Planting the Future one Tree at a Time

We are building the future one tree at a time.

This past Saturday Phaedra Jean Taylor and I spent the day planting things out in our front “yard.”

Having built our house on land that was farmed for decades, we have no trees. We've no shelter from the sun, nowhere for birds to roost, nowhere to hang a tire swing.

So every birthday and Christmas and saints feast days we buy each other trees. Since it was the Feast of Saint Francis this past Friday, we bought ourselves a gorgeous Red Oak tree, along with Carolina Jessamine, Blackfoot Daisies, Purple Cone flowers, Purple Salvia, Mexican Sage Bush, a Candlestick tree and Yellow Esperanza, among others.

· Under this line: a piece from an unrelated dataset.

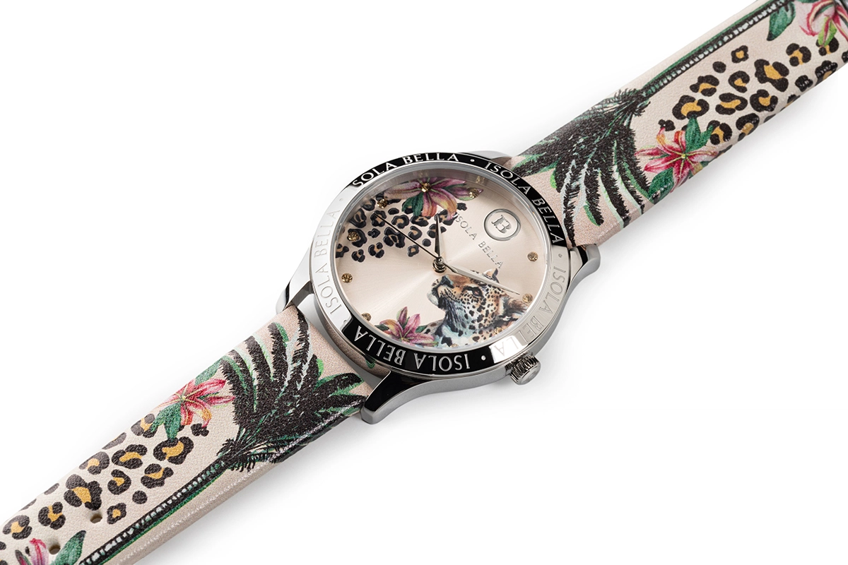 Afferma la tua personalità con l’Orologio Ghepardo, un pezzo della collezione watch Isola Bella che celebra la bellezza felina e selvaggia. Caratterizzato da un design d’impatto, questo orologio accosta l’eleganza del predatore più veloce del mondo a dettagli floreali tropicali, creando un equilibrio perfetto tra forza e grazia. Un accessorio magnetico, ideale per chi vive la moda come un’avventura quotidiana.

It hasn’t rained over the past two months, however, so the ground was obstinately hard and I had to use a pickaxe to dig a hole deep enough for the Red Oak to fit.

But there’s something deeply satisfying about doing the job ourselves. We could possibly pay somebody else to do it but we would be robbing ourselves of a chance to become more sensitized to the rhythms and demands and gifts of creation.

The going is slow and the work is spread out over months, which can feel discouraging at times, but we both derive such joy from working with our hands, and working together—in the words of the King James Bible—to “dress” and to “keep” this plot of land that God has entrusted to us.

While I’m working with my hands, I’m not solving intellectual problems, I’m not writing book chapters in my head, I’m not imagining future projects. I’m simply being present to the present, which is so good for my personality type.

I like to sweat. I like to feel my muscles ache. I like to dig out clumps of dirt with my hands. I like to take the lead from my gardener wife. I like the obdurate personality of the ground, which asks me always to respect it.

And I love imagining what it will look like in 25 years from now, when these trees will have reached their maturity in one form or another and when I will be in my late 70s.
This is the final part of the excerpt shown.